This routine will encode one or several values using the appropriate
encoding engines registered in XDS context ``xds''. The parameter ``fmt''
contains a \textsf{sprintf(3)}-alike descriptions of the values to be
encoded; the actual values are provided in the varadic parameter ``args''.

The format for ``fmt'' is simple: Just provide the names of the engines to
be used for encoding the appropriate value(s) in ``args''. Any non-legal
engine-name character may be used as a delimiter. In order to encode two
32-bit integers followed by a 64-bit integer, the format string
\begin{quote}
\begin{verbatim}
int32 int32 int64
\end{verbatim}
\end{quote}
could be used. In case you don't like the blank, use the colon instead:
\begin{quote}
\begin{verbatim*}
int32:int32:int64
\end{verbatim*}
\end{quote}

Of course the names to be used here have to match to the names used to
register the engines in ``xds'' earlier.

Every time \textsf{xds\_vencode()} is called, it will append the encoded
data at the end of the internal buffer stored in ``xds''. Thus, you can
call \textsf{xds\_vencode()} several times in order to encode several
values, but you'll still get all encoded values stored in one buffer.
Calling \textsf{xds\_setbuffer()} or \textsf{xds\_getbuffer()} with gift
semantics at any point during encoding will re-set the buffer to the
beginning. All values that have been encoded into that buffer already will
eventually be overwritten when \textsf{xds\_encode()} is called again.
Hence: Don't call \textsf{xds\_setbuffer()} or \textsf{xds\_getbuffer()}
unless you actually want to access the data stored in the buffer.

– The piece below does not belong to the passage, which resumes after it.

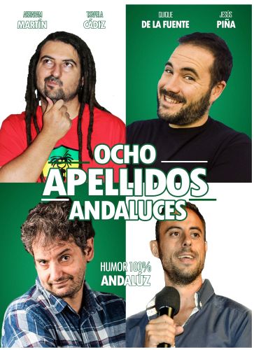 Los humoristas Quique de la Fuente, Txapela Cádiz, Abraham Martín y Jesús Piña, todos ellos cómicos andaluces, pero cada uno de madre y padre diferentes, se juntan para llenar de carcajadas los teatros y salas con su nuevo show de monólogos y chistes “Ocho Apellidos Andaluces” Un espectáculo con salero, cargado de ironía y mucha improvisación. Sin duda ¡Humor 100% andaluz!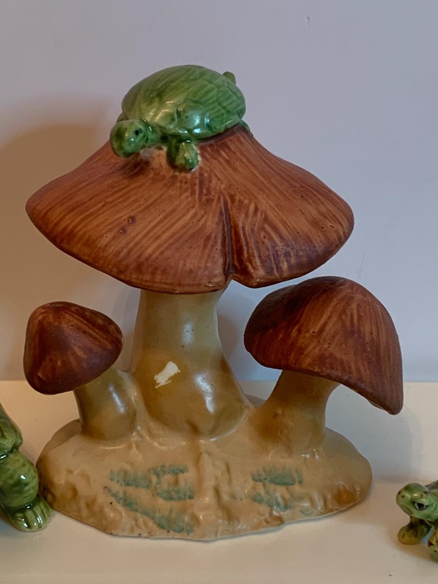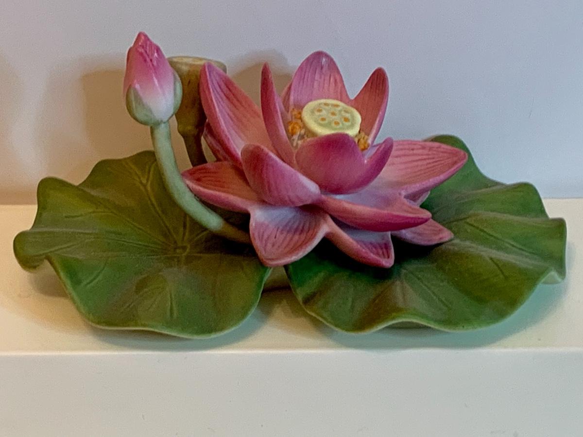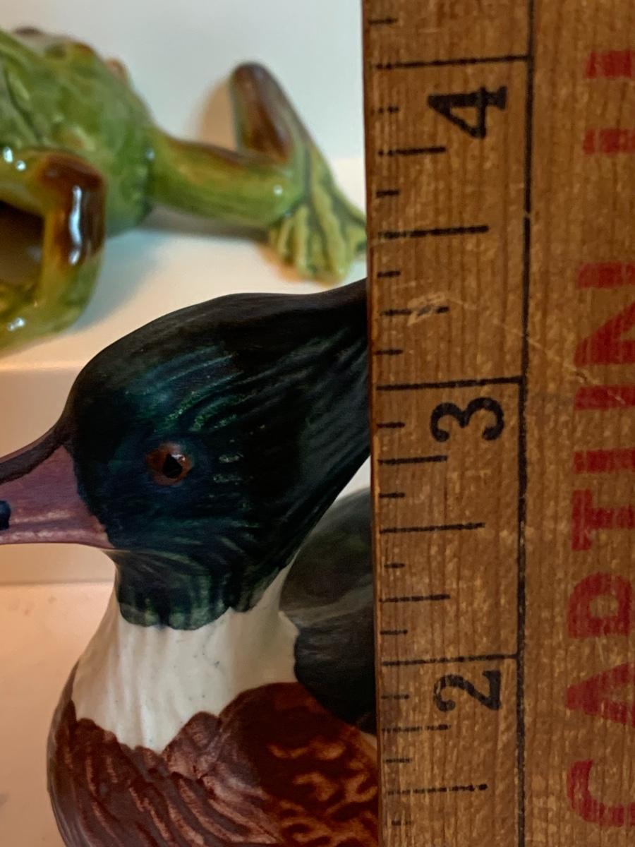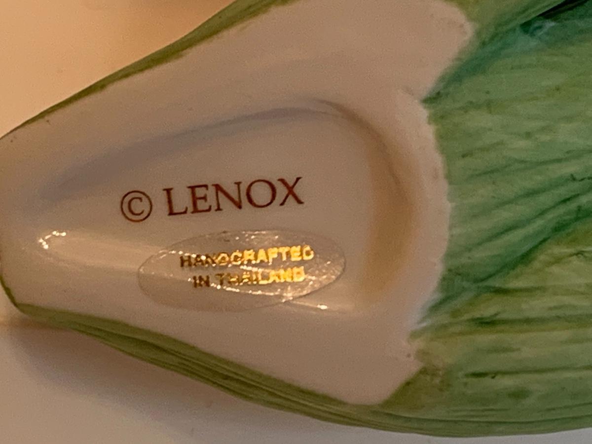 Fine porcelain collectibles: including Lennox Flowers, Weiss Hand Painted porcelain duck, Lennox Wood Duck, Lefton Mushrooms ( has to imperfections as pictured), no boxes with this collection.

Also, it should be noted that the data you have to provide for ``args''
depends entirely on what the deployed engines expect to find on the stack
--- there is no ``standard'' on what should be put on the stack here. The
XML and XDR engines included in the distribution will simply expect the
value to be encoded to be found on the stack, but other engines may act
differently. See section~\ref{meta engines} for an example of such an
engine.

\textsf{xds\_vencode()} will return any of the following return codes:
\textsf{XDS\_OK} (everything worked fine), \textsf{XDS\_ERR\_NO\_MEM}
(failed to allocate or to resize the internal buffer),
\textsf{XDS\_ERR\_OVER\-FLOW} (the internal buffer is too small but is not
owned by us), \textsf{XDS\_ERR\_INVALID\_ARG} (``xds'' or ``fmt'' are
\textsf{NULL}), \textsf{XDS\_ERR\_UNKNOWN\_ENGINE} (an engine name
specified in ``fmt'' is not registered in ``xds''),
\textsf{XDS\_ERR\_INVALID\_MODE} (``xds'' is initialized in decode mode),
or \textsf{XDS\_ERR\_UNKNOWN} (the engine returned an unspecified error).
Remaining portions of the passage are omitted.